It has been funny with Johnny. On this trip, he has seemed more interested in the FaceTime than ever, and honestly, more interested in talking to me. Last night he wanted to know all about my favorite food. The night before, it was all about dinosaurs. I also showed some pictures of the cable cars I get to ride up to my hotel each night, and a picture of Nob Hill so he could get some idea of what it is like here, and he thought that was cool. But we had a good conversation, and somehow, I think we were really bonding quite a bit, even thought we were hundreds of miles away.

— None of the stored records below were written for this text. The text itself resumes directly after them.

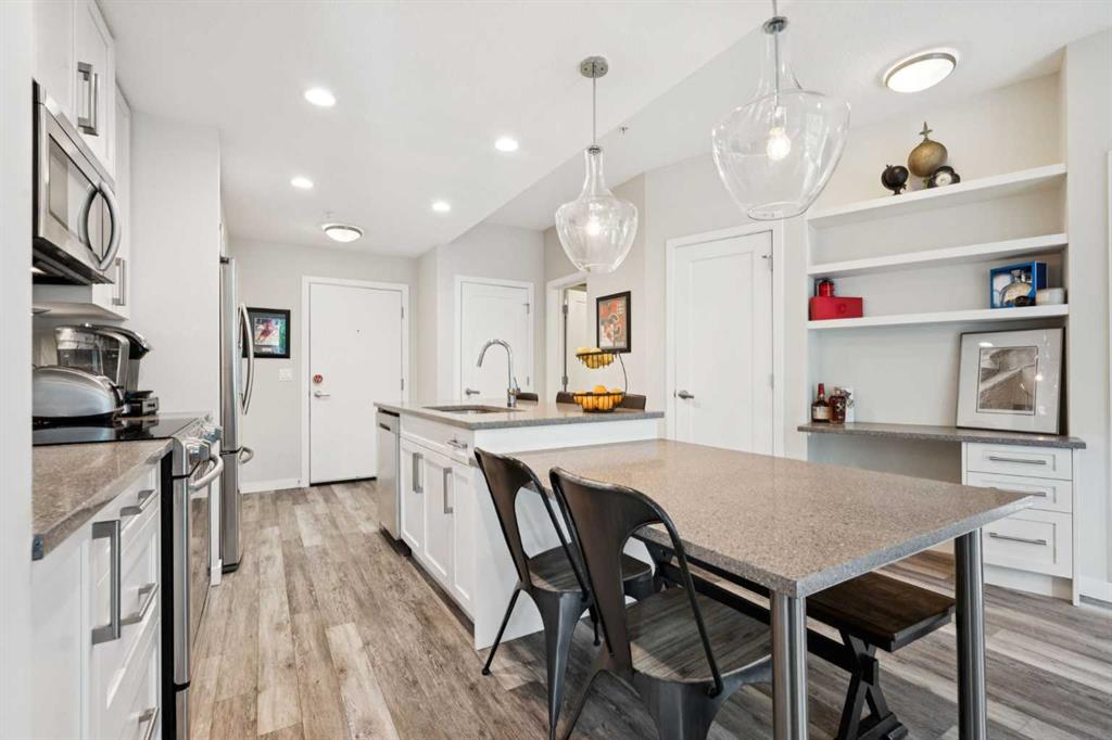Includes: Window coverings, TV mounts, Property InformationProperty Type: Apartment Home Style: Apartment-Single Level Unit Year Built: 2017 Total Floor Area: 845 sq. ft. Brokerage: LB Hubbard Realty Group Listed Date: Please login or create an account Community InformationCity/Town: Calgary Community: West Springs ExteriorExterior: Metal Siding , Other, Stone Construction: Metal Siding ,Other,Stone Front Exposure: SE Parking: Guest, Titled, Underground Total Parking: 1 InteriorHeating: In Floor Basement: None Floor Finish: Ceramic Tile, Vinyl Plank Fireplace Details: For Sale RoomsTotal Bedrooms: 2 (Bedrooms Above: 2) Bathrooms: Full: 2 / Half: 0 Above Grade: 5 Legal, Financial & PossessionZoning: M-1 d105 Legal Description: Lot/Unit: Lot/Unit:,Plan: 1612118,Block: Tax: 2493.00 Monthly Fee: 481 Possession: Immediate Occupancy: Vacant Restrictions: Restrictions Listing Courtesy of LB Hubbard Realty Group The data included in this display is deemed to be reliable, but is not guaranteed to be accurate by the Calgary Real Estate Board. MLS®: A2271404 - West Springs Apartment-Single Level Unit $399,000
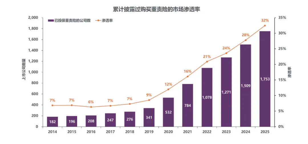 与大家想象的不一样,董责险不再是少数企业的冷门选择。截至2025年底,公告投保董责险的上市公司渗透率已经达到 32%,而在5年前(2020年),这个数字只有12%。即使与2024年相比,同比又提升了4个百分点,呈现出极其稳健的逐年递增态势 。
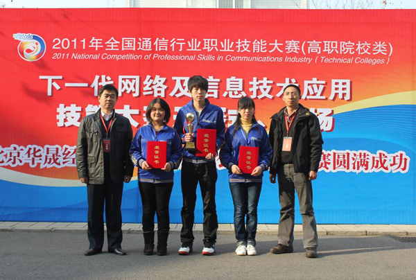 11月26日至27日,由工业和信息化部、人力资源和社会保障部、中华全国总工会、共青团中央四部委联合举办的2011年全国通信行业职业技能大赛(高职高专类)暨下一代网络及信息技术应用技能大赛在北京举行。本次大赛为国家一类赛事,共有来自全国50余所信息类高职院校的300多学生参加比赛。由校团委和信息电子工程学院选拔,MK(中国)网络09-1班李娟、张静、网络09-2班蔡伟建三位同学组成的参赛队,经过理论考试、技能操作等环节的激烈角逐,最终荣获大赛团体二等奖的佳绩。
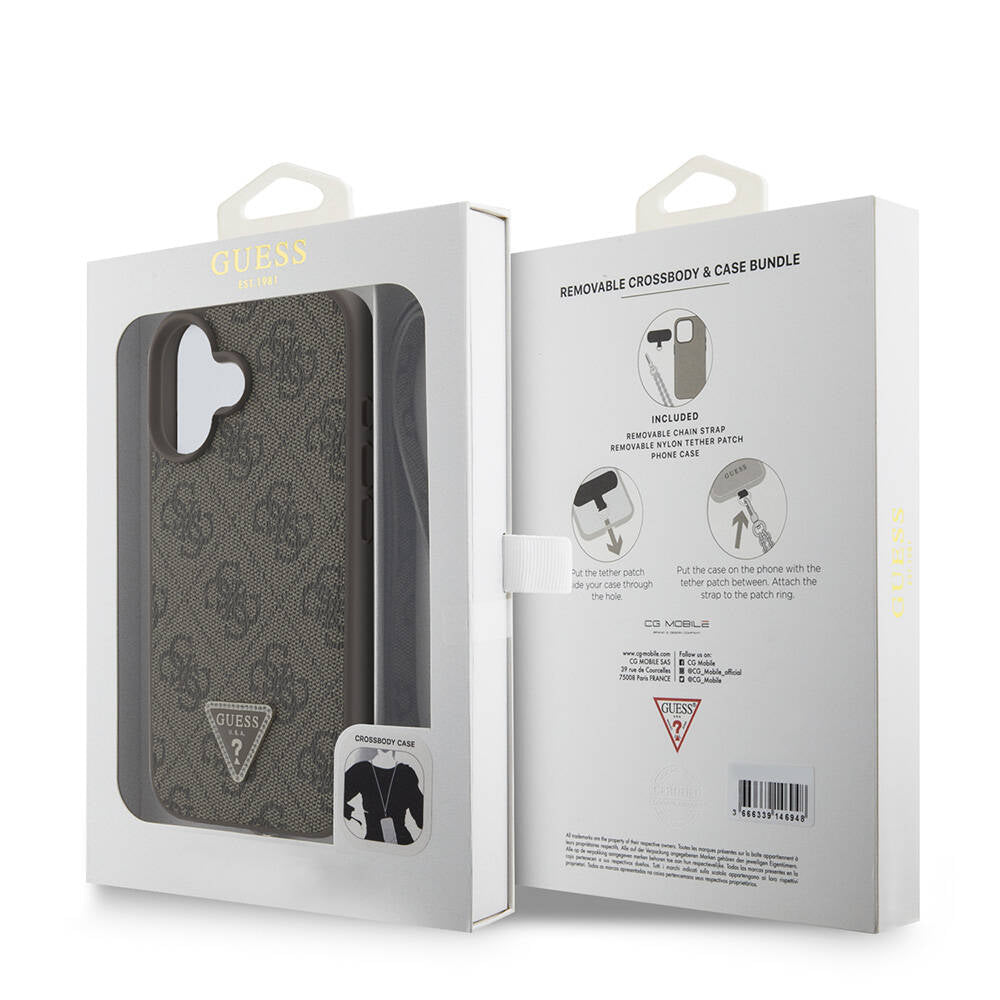 Apple iPhone 16 Kılıf Guess Orjinal Lisanslı PU Deri Taşlı Metal Üçgen Logolu Çapraz Vücut Askılı 4G Desenli Kapak Kahverengi
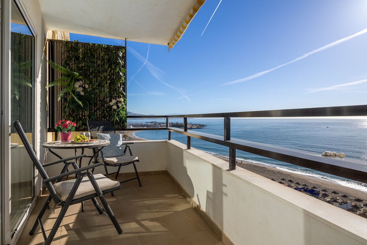 Beachfront apartment in Carvajal, between Benalmádena and Fuengirola. Enjoy spectacular ocean views from the living room and the sunny terrace, perfect for breakfast or relaxing at sunset. Ideal for couples, it has 1 bedroom, equipped kitchen, full bathroom, air conditioning in living room and bedroom, fast wifi and free private parking. A few meters from the beach, train station and all the services for an unforgettable vacation on the Costa del Sol
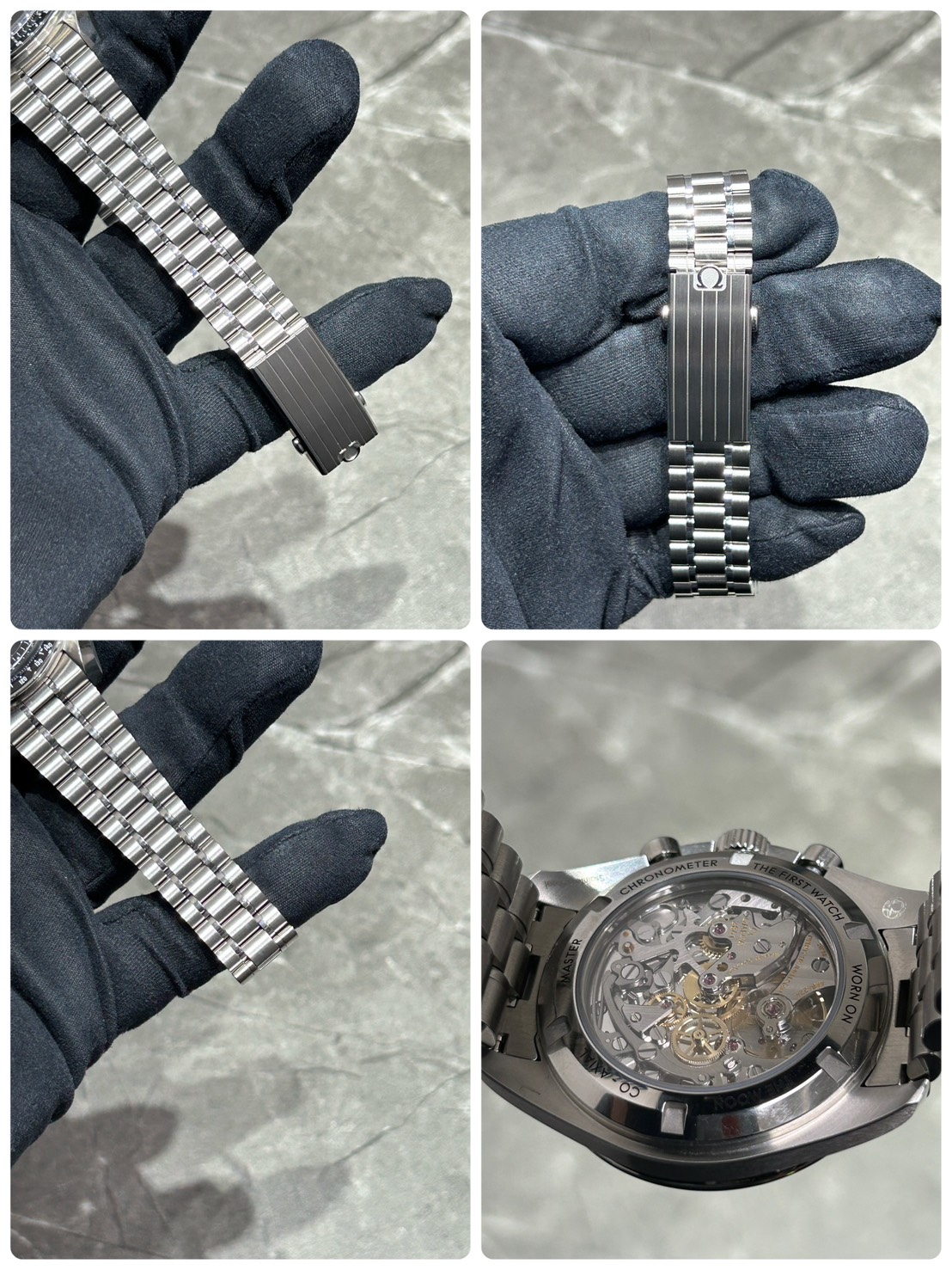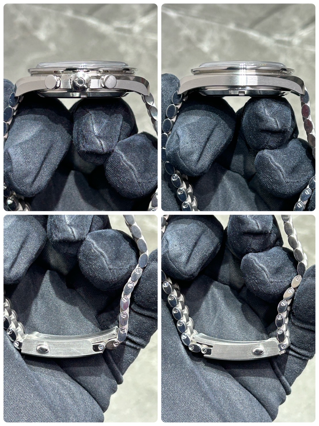 裏蓋からは手巻きキャリバー3861を鑑賞する事ができ、ポリッシュ&ブラッシュ仕上げのステンレスブレスはしなやかな付け心地となっております。
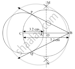 Construct tangents to the circle from the point B, having radius 3.2 cm and centre 'C'. Point B is at a distance 7.2 cm from the centre.
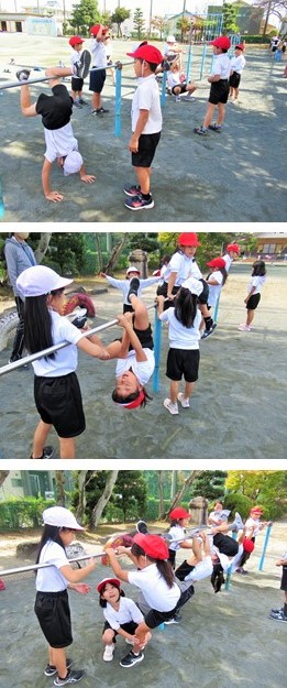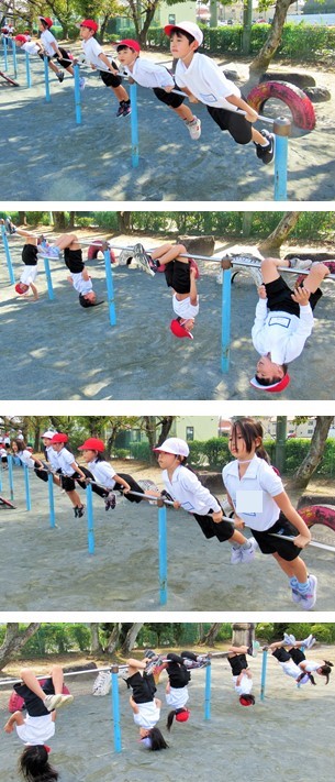 先週に続き、今日の体育の時間も鉄棒の練習をしました。すでに、いろいろな技が出来る児童が先生になって、アドバイスをしたり、補助をしたりして練習をしました。

After I spoke with the kids, I spoke a little bit with Erica, and it was nice. It always comes to the point when it is time to go. Neither of us wants to, but we have to. She has to get the kids in bed, I have to get myself in bed. It makes me sad to say good night, but all day today, I will be looking forward to coming back, eating a quick dinner by myself, and then connecting via FaceTime. It is the reason we have it, I am convinced, and the highlight of my day.

Monday, February 2, 2015

Johnny's Baptism


Sometimes people will mistakenly say, "This is the greatest day of my life" when referring to something that should clearly not be the greatest day of their life. Maybe they are saying it as a joke or maybe they really mean it, I don't know. When I think of the greatest day of my life, it is hard to choose because there have been so many really great days. Some of which have been significant for me personally, like my baptism, or receiving my endowments in the temple, or entering the MTC as my mission began, or triumphantly returning home with honor from my mission (that's how I saw it anyway). Some days aren't just about me, like the first day I met my wife, Erica, or the day she met me at the temple and we were sealed together for time and all eternity. That was a pretty special day. Since then, most of my great days have all revolved around my kids. I can think of 5 pretty great days off the top of my head, the days that each of my children were born. It was love that I had never experienced before when I held each one of my kids for the first time, and I knew I would do anything for them. It was instantaneous, for me, and it was awesome. All of those days are pretty much tied in my book, because, of course, I'm really keeping score. Last Saturday is another day to add to the pile. Last Saturday, my oldest boy was baptized and confirmed a member of the Church of Jesus Christ of Latter Day Saints. I don't know if there has ever been a day where I felt happier or more pleased than I did on Saturday. So much so, that I have had a hard time stopping talking about it. I will talk to anyone about it, who will stop long enough to listen.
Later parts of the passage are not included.